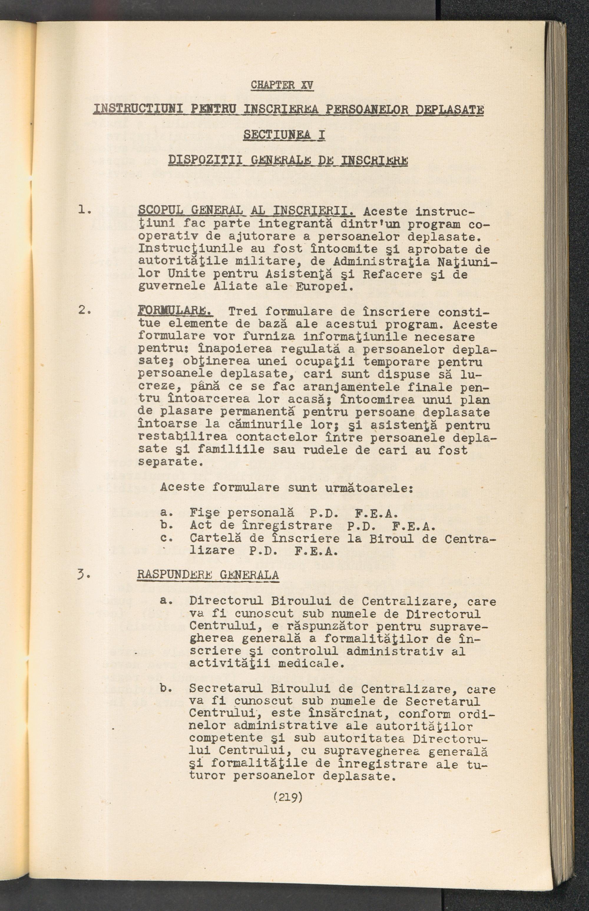 Displaced Persons - Registration Instructions Chapter XV (Rumanian)
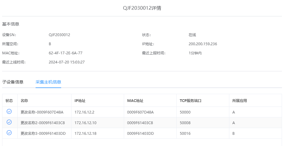 ① 可以通过点开M1200采集主机的设备详情,查看到当前有哪些M680通过这台M1200上线,还可以看到这些M680的状态和参数信息等
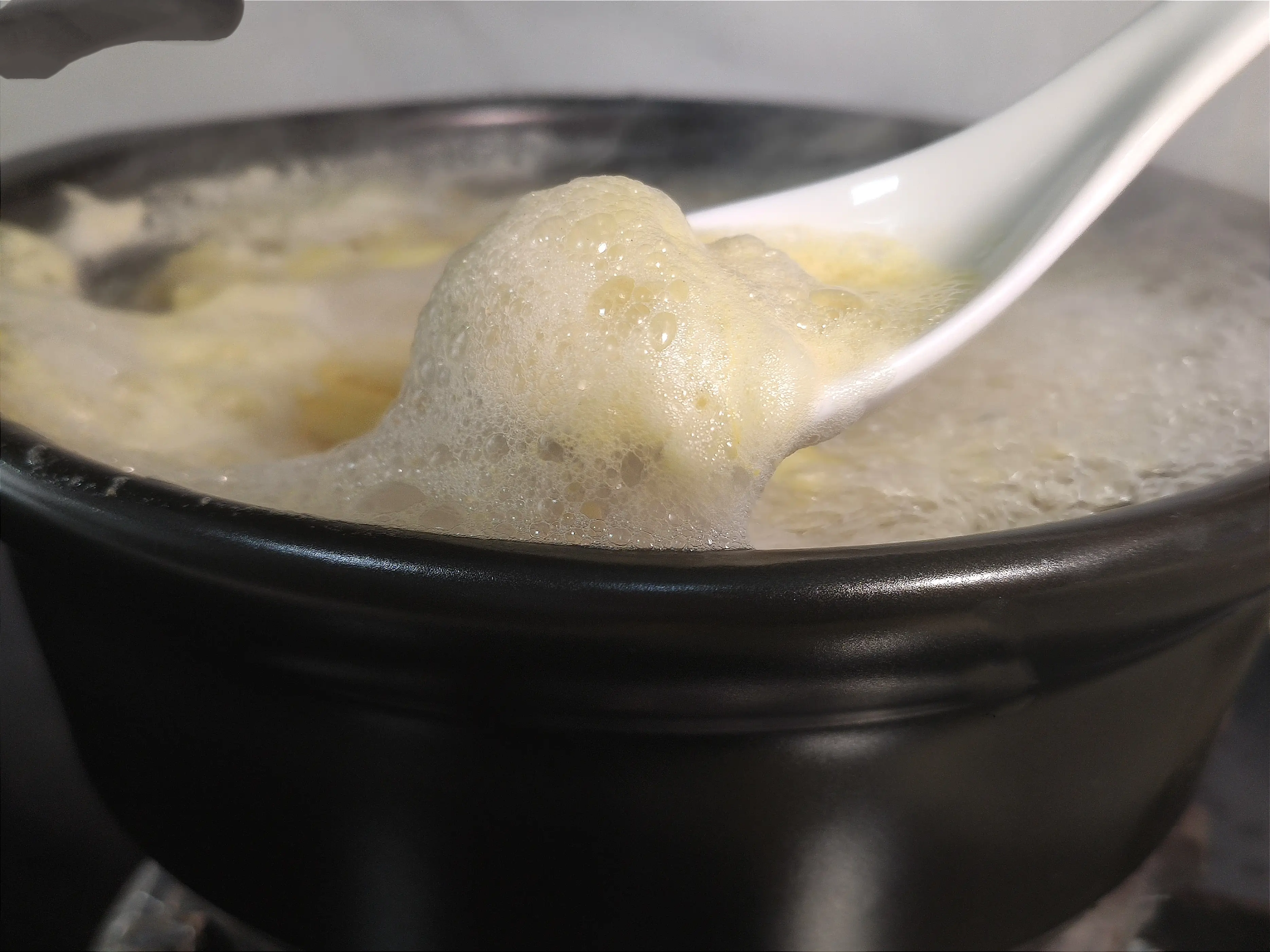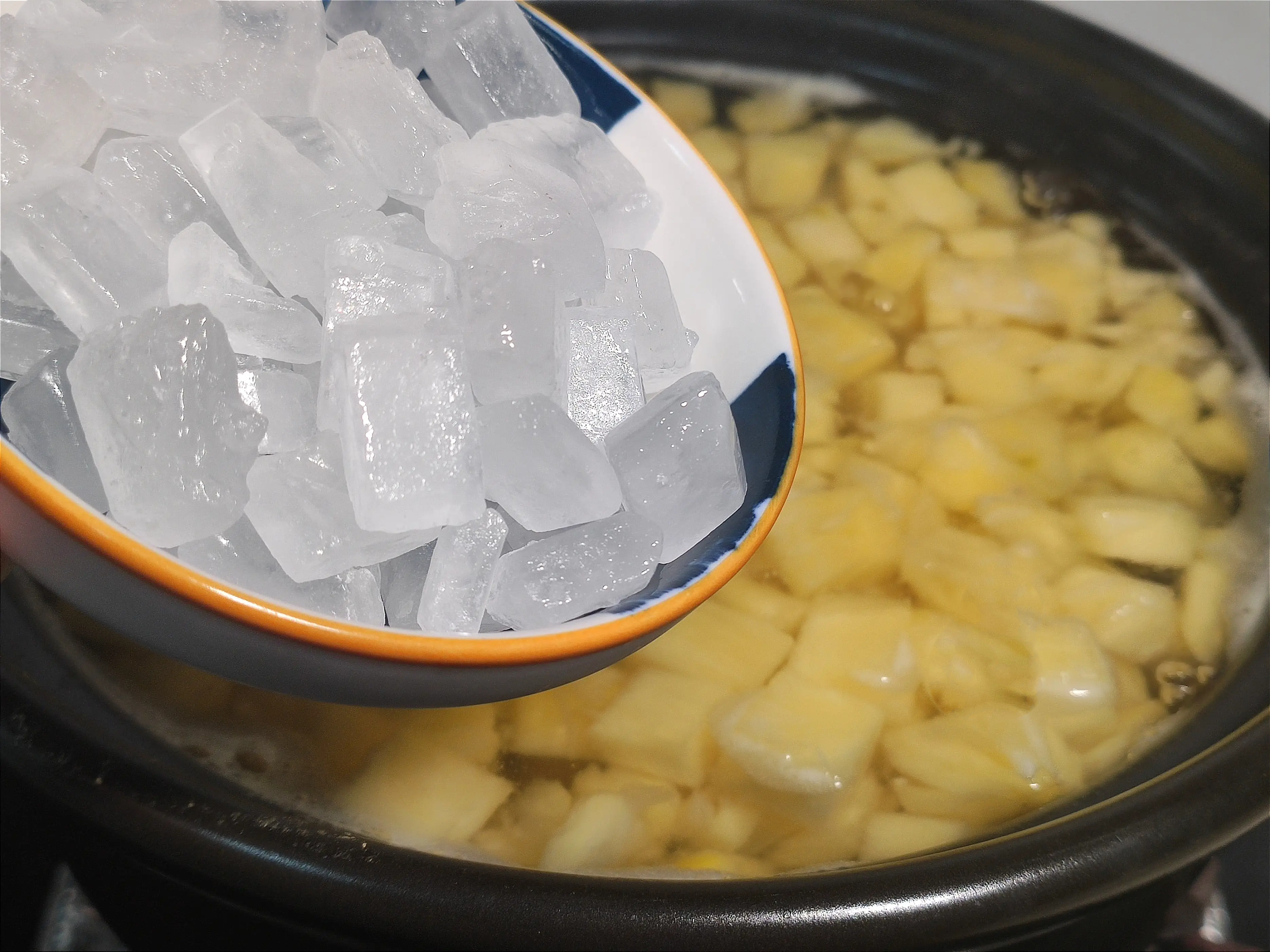 Bước 3: Sau đó, vặn lửa lớn và đun sôi. Dùng thìa hớt hết bọt nổi lên, rồi vặn nhỏ lửa đun tiếp trong vòng 15 phút. Cho đường phèn vào và nấu cho tan, khuấy đều vài lần là có thể thưởng thức.
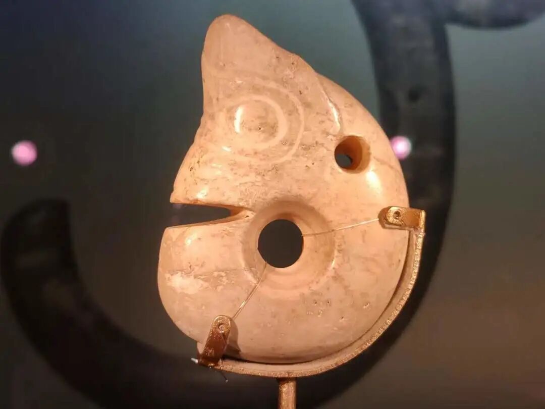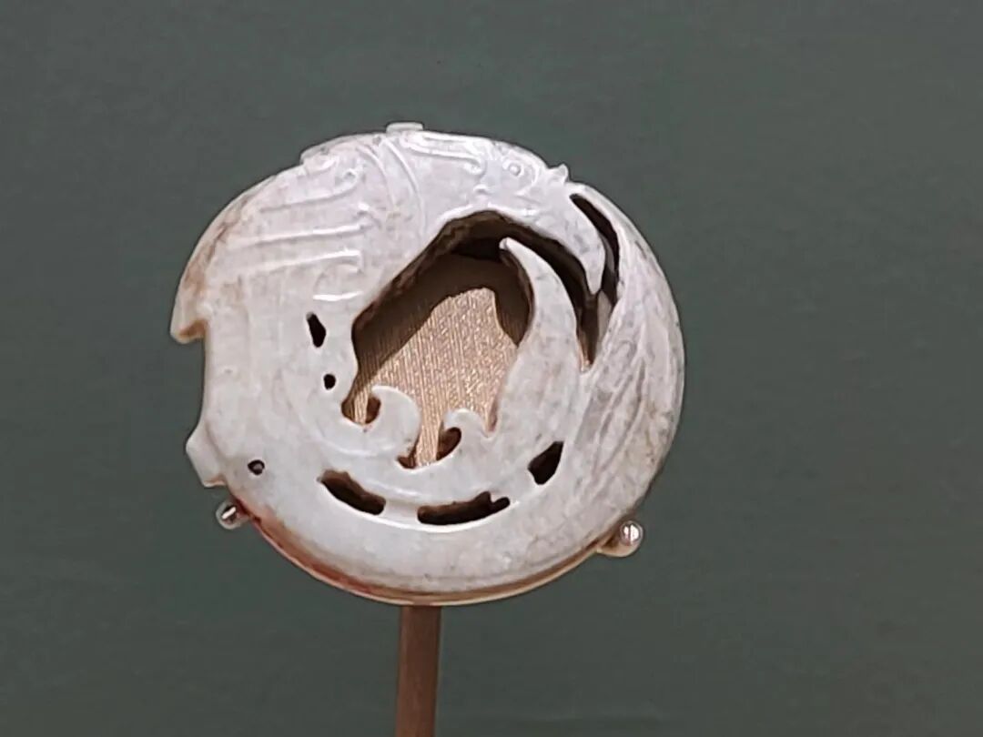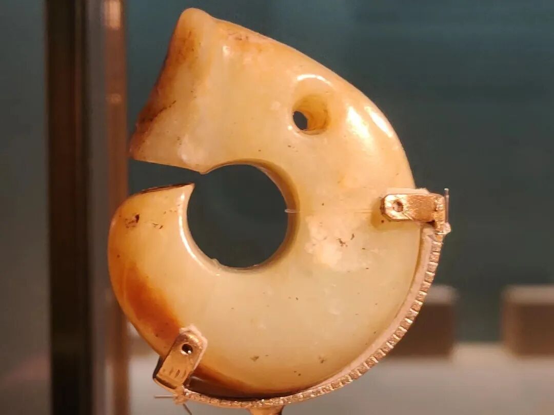 “玦,环之不周也。”即玦是有缺口的环,一般成对出现在墓主人的耳部,一般被认为是装饰用的耳环。玦形龙是红山文化的典型器类,整体形状似玦,都有缺口,但是还有造型和小孔。红山文化出土的玦形龙龙身整体呈 C 形,环成一圈,头部两耳竖立,形似肥大的猪耳,嘴部大张,鼻尖微拱,上有多条褶皱,类似猪的拱嘴状,具有典型的猪首特征,因此也被称为“玉猪龙”。一般认为,玦形龙是祭祀的法器,由巫师随身携带以沟通神灵。玉猪龙作为红山文化重要玉器之一,对于后世产生了重要的影响,殷墟文化妇好墓中的玉猪龙,同红山文化的玉猪龙便有极大的相似点。
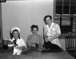 (Left to right) Mrs. Jeff S. Henderson, chairman of sewing room group, Mrs. John W. Hollington, chairman of the knitting group, and Mrs. William L. Bartley.
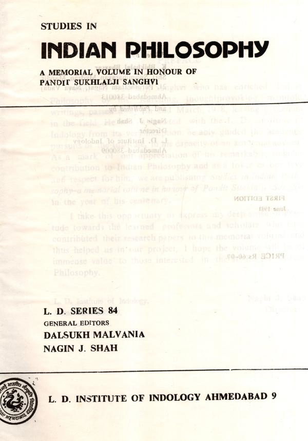 Pandit Dr. Sukhlalji Sanghvi who has enriched Indian Philosophy by his searching, thought-provoking, manifold writings, passed away on 2nd March, 1978, leaving a vacuum in the field. He was associated with the L. D. Institute of Indology from i's very inception; he ably guided the academic pursuits of the Institute, in his capacity of an academic adviser. As a mark of our appreciation of his remarkable, singular contribution to Indian Philosophy and as a token of our love and respect for him, we are publishing Studies in Indian Philo sophy-a memorial volume in honour of Pandit Sukhlalji Sanghvi in the year of his centenary.
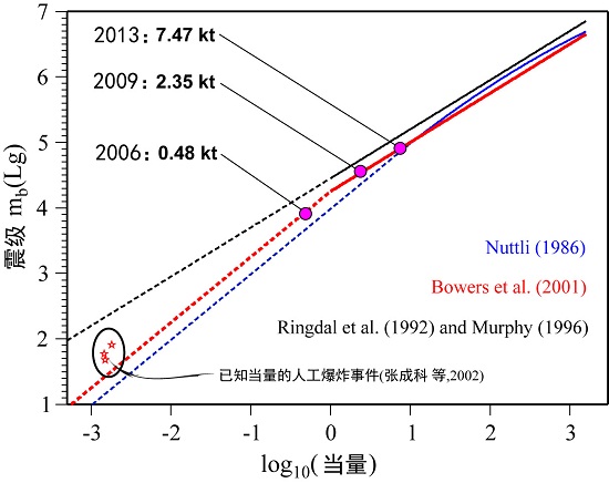 利用经验的震级-当量关系曲线估算2013年朝鲜核爆的当量。

━━━━━━━━━━━━━━━━━━━━━━━━━━━━━━

WORK ORDER —
From the first line of the entries down to the line with "Bước 3: Sau", print each line exactly; omit any picture.

REPLY TO THE EXERCISE —
 Displaced Persons - Registration Instructions Chapter XV (Rumanian)
 ① 可以通过点开M1200采集主机的设备详情,查看到当前有哪些M680通过这台M1200上线,还可以看到这些M680的状态和参数信息等
 Bước 3: Sau đó, vặn lửa lớn và đun sôi. Dùng thìa hớt hết bọt nổi lên, rồi vặn nhỏ lửa đun tiếp trong vòng 15 phút. Cho đường phèn vào và nấu cho tan, khuấy đều vài lần là có thể thưởng thức.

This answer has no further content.